[INPUT MATERIAL]

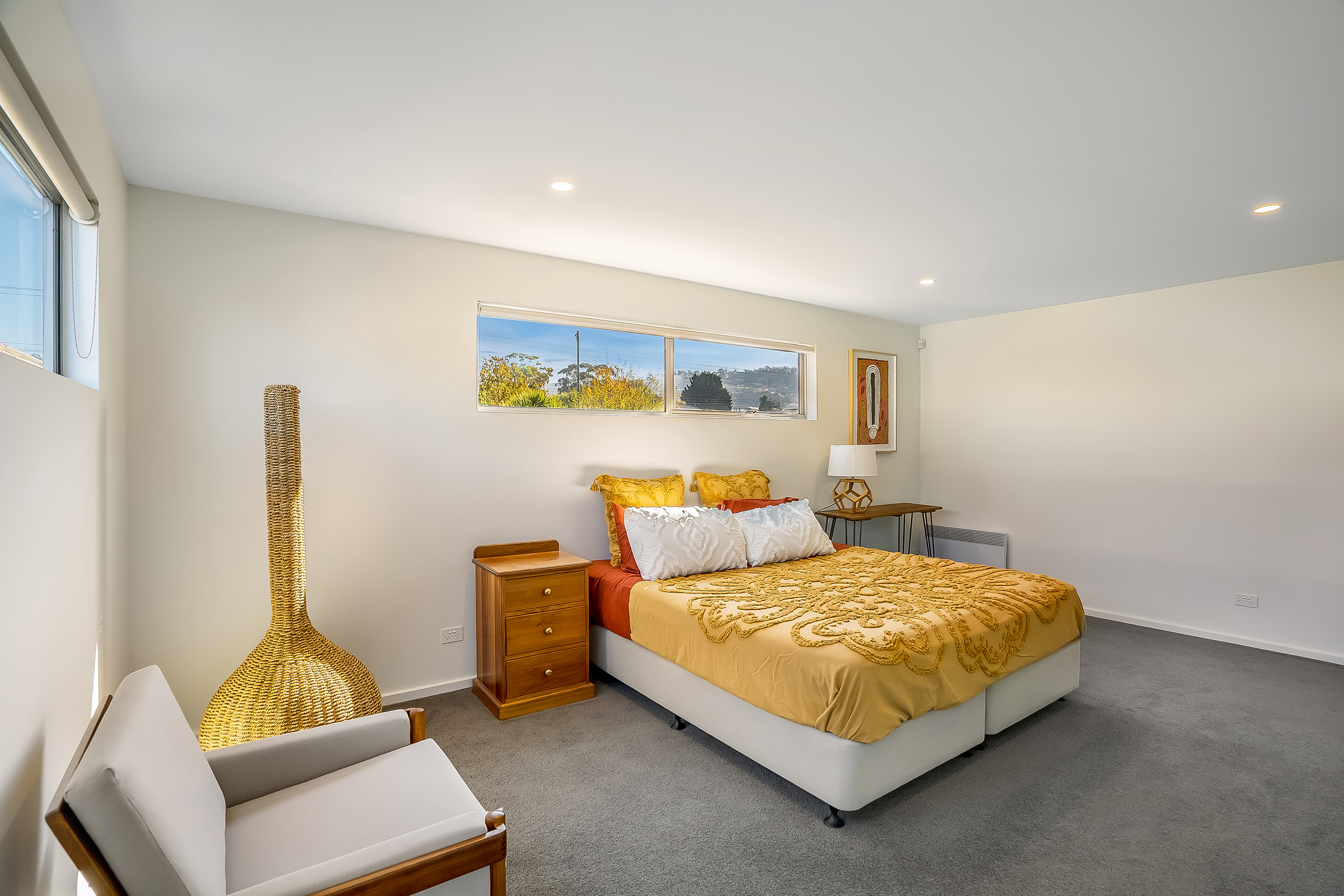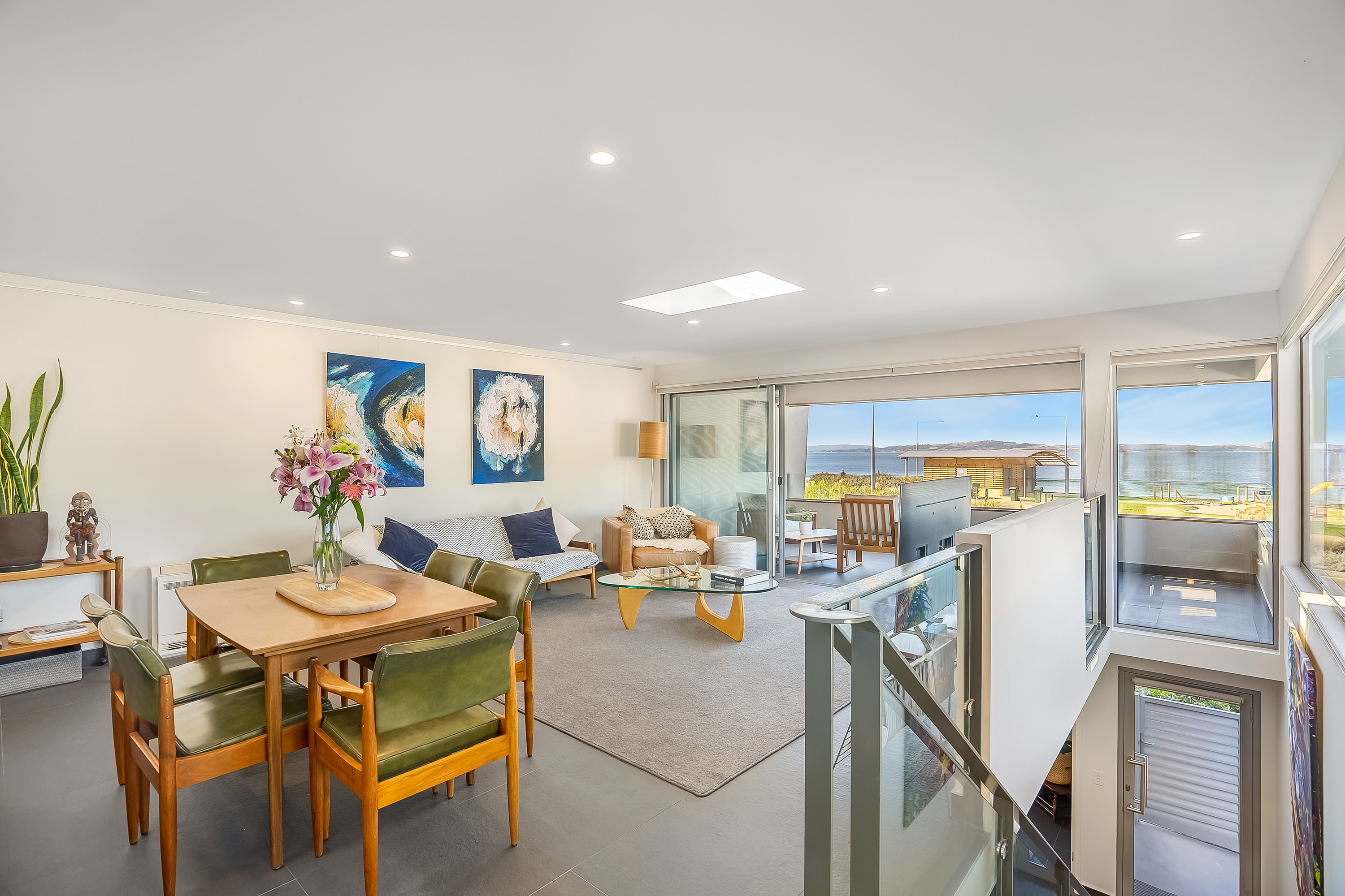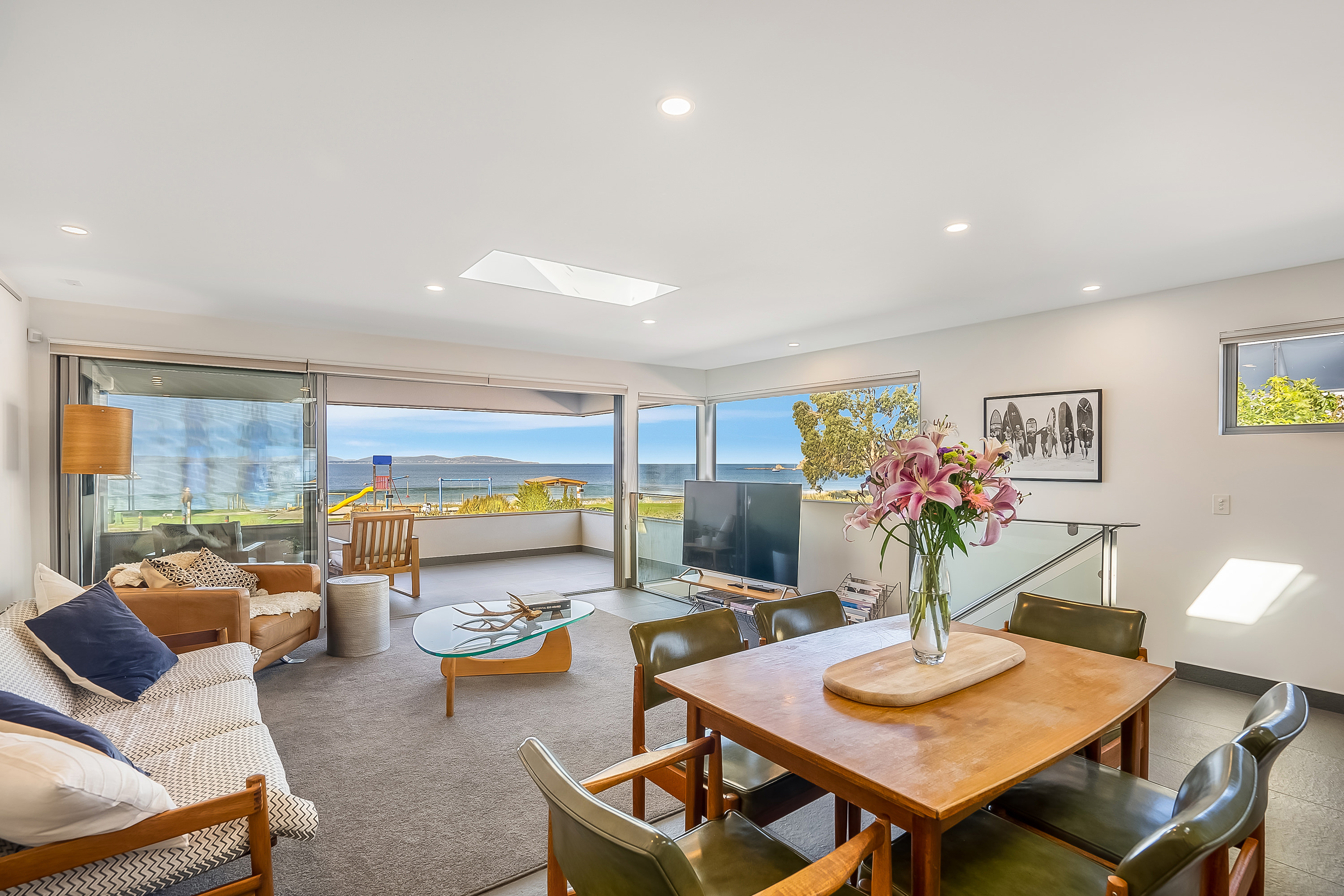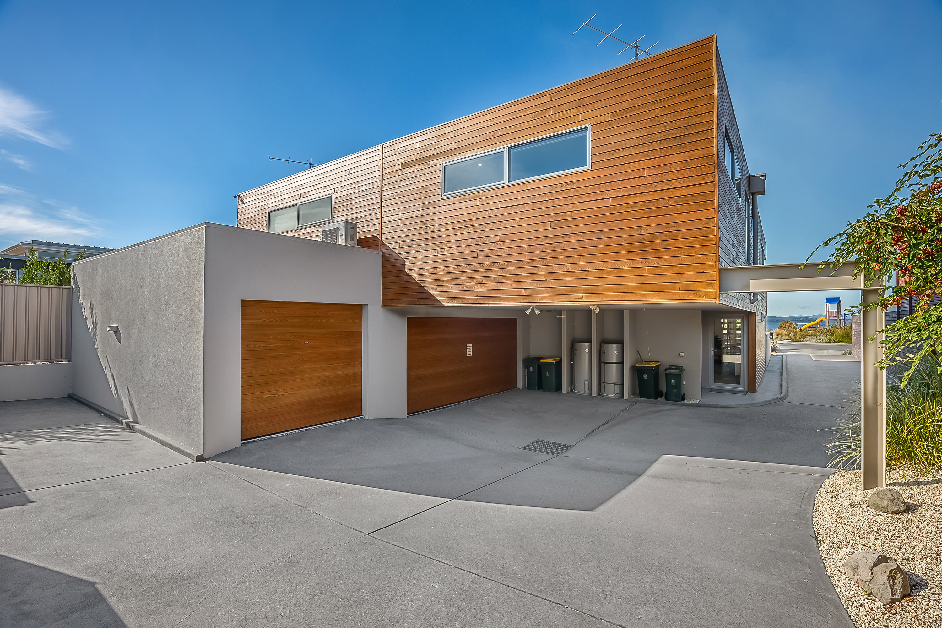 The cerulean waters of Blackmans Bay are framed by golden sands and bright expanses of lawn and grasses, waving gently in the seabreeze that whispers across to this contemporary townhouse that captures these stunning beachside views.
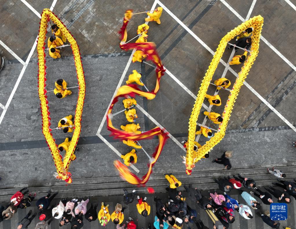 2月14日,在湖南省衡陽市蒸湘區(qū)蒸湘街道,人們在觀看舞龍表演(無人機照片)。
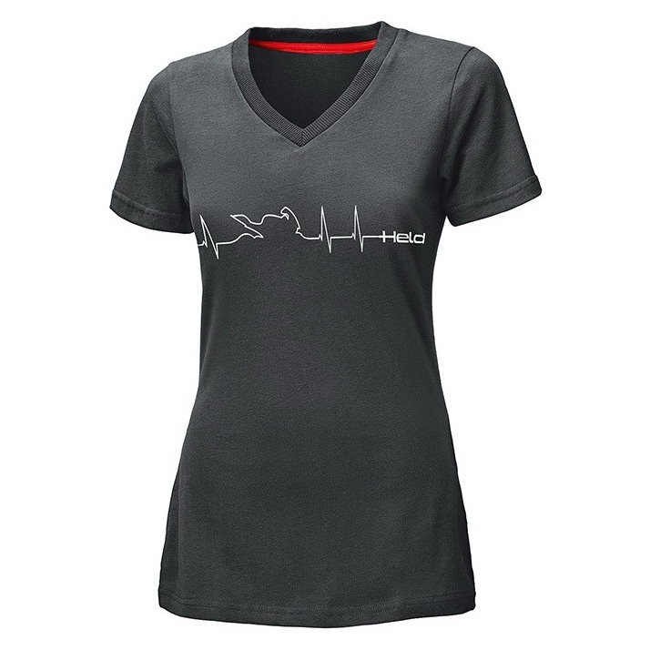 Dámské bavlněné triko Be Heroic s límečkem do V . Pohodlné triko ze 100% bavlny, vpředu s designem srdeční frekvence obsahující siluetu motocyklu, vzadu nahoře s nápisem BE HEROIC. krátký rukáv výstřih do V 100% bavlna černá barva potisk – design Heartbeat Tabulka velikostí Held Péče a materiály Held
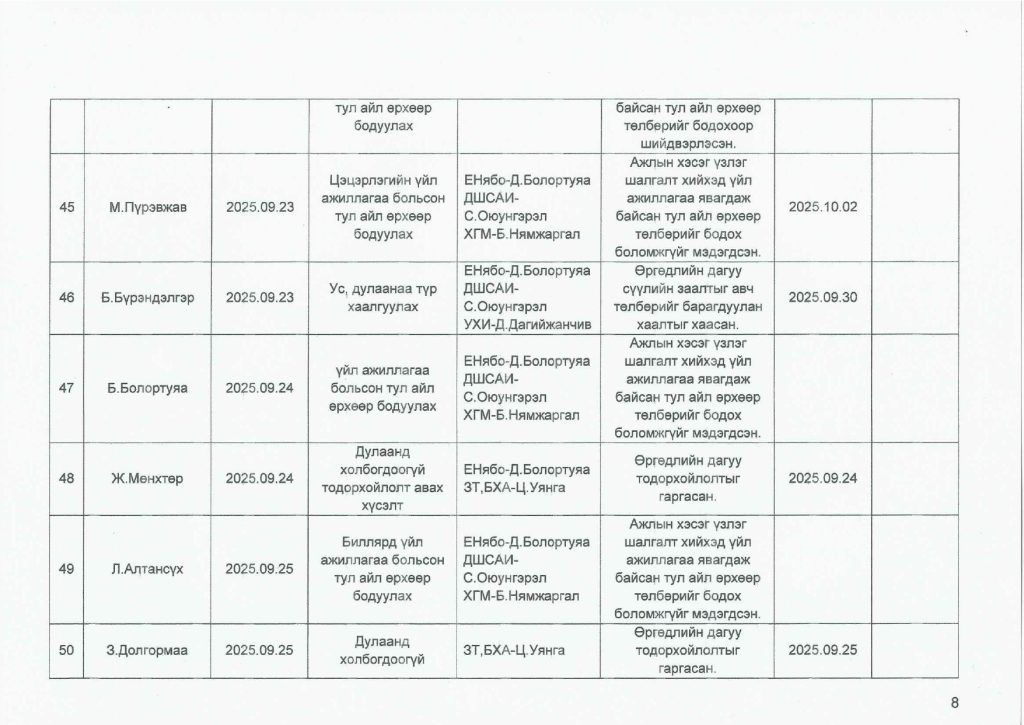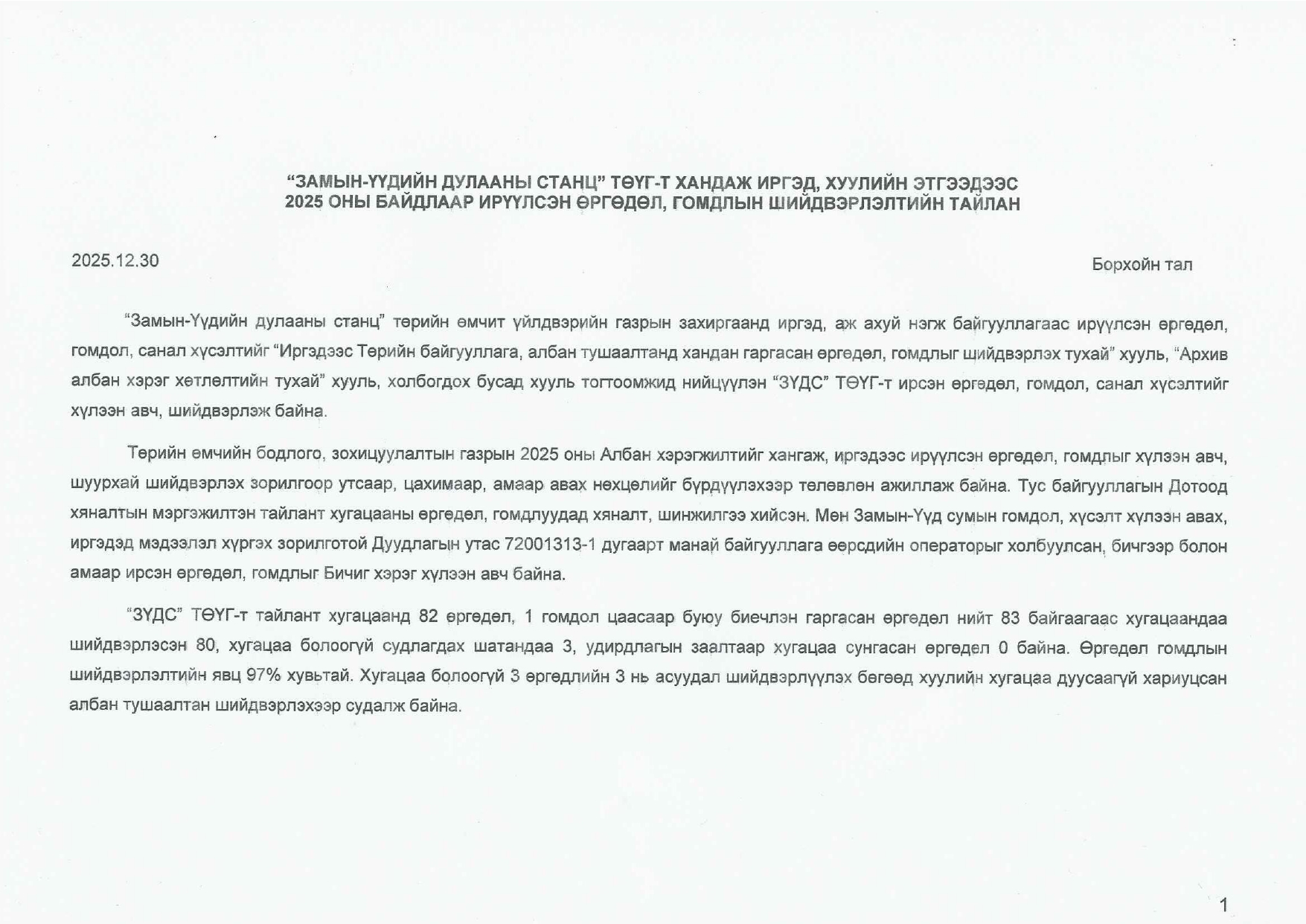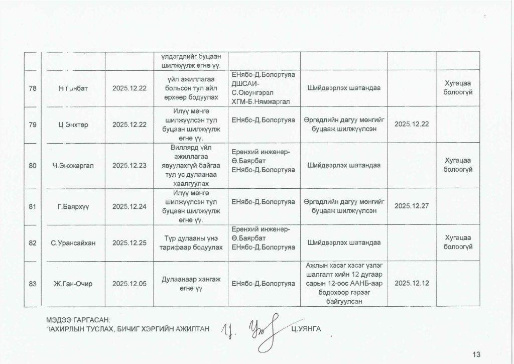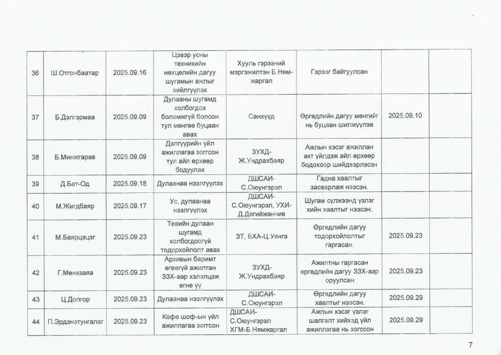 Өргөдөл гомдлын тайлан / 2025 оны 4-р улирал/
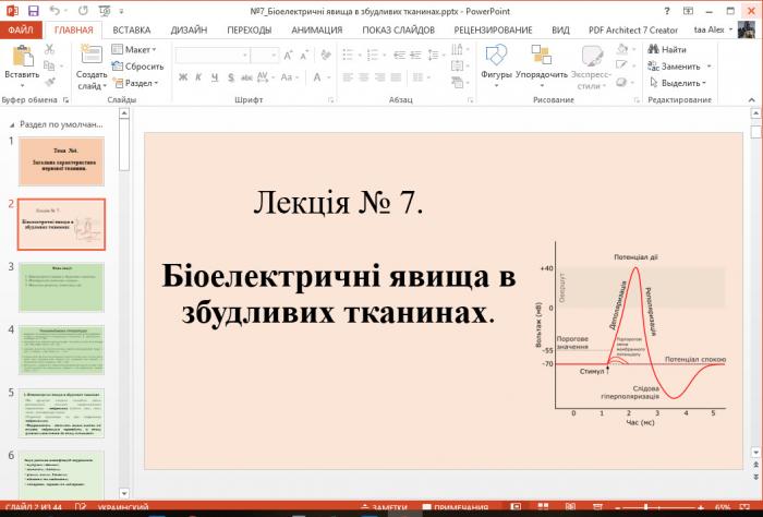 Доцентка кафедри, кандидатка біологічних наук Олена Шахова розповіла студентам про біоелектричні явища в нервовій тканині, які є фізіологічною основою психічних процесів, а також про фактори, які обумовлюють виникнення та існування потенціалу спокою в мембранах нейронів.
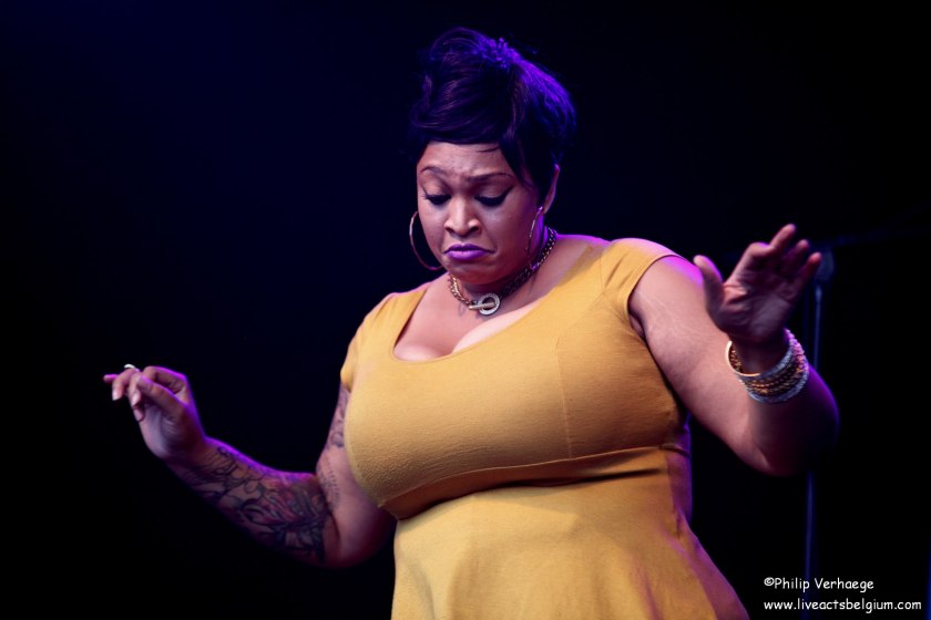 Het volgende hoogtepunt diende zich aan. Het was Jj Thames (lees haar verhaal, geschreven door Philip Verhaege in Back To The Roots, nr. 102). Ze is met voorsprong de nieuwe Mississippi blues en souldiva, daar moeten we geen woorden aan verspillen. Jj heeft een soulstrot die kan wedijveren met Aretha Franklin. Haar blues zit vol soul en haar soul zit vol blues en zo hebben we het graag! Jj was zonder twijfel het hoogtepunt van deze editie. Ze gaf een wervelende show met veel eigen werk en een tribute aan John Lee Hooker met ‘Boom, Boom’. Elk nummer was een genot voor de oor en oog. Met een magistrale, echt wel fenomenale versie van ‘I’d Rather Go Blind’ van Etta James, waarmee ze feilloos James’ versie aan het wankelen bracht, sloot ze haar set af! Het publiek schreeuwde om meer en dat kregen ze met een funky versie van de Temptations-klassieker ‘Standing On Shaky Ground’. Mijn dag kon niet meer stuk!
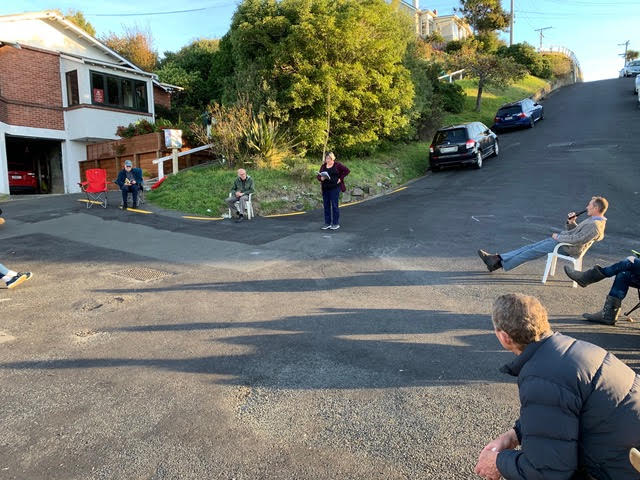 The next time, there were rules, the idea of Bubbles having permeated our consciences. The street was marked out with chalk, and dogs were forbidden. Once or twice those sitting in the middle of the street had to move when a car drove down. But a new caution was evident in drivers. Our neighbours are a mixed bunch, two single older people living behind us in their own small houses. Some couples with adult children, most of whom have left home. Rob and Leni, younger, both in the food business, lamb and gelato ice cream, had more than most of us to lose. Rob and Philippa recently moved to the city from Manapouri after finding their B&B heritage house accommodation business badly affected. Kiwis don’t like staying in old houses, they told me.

[THE TASK]
Look above for the line holding "Доцентка кафедри, кандидатка" and output everything from it down to the line holding "Het volgende hoogtepunt", both ends included, exactly and without images.

[SOLVED EXERCISE]
 Доцентка кафедри, кандидатка біологічних наук Олена Шахова розповіла студентам про біоелектричні явища в нервовій тканині, які є фізіологічною основою психічних процесів, а також про фактори, які обумовлюють виникнення та існування потенціалу спокою в мембранах нейронів.
 Het volgende hoogtepunt diende zich aan. Het was Jj Thames (lees haar verhaal, geschreven door Philip Verhaege in Back To The Roots, nr. 102). Ze is met voorsprong de nieuwe Mississippi blues en souldiva, daar moeten we geen woorden aan verspillen. Jj heeft een soulstrot die kan wedijveren met Aretha Franklin. Haar blues zit vol soul en haar soul zit vol blues en zo hebben we het graag! Jj was zonder twijfel het hoogtepunt van deze editie. Ze gaf een wervelende show met veel eigen werk en een tribute aan John Lee Hooker met ‘Boom, Boom’. Elk nummer was een genot voor de oor en oog. Met een magistrale, echt wel fenomenale versie van ‘I’d Rather Go Blind’ van Etta James, waarmee ze feilloos James’ versie aan het wankelen bracht, sloot ze haar set af! Het publiek schreeuwde om meer en dat kregen ze met een funky versie van de Temptations-klassieker ‘Standing On Shaky Ground’. Mijn dag kon niet meer stuk!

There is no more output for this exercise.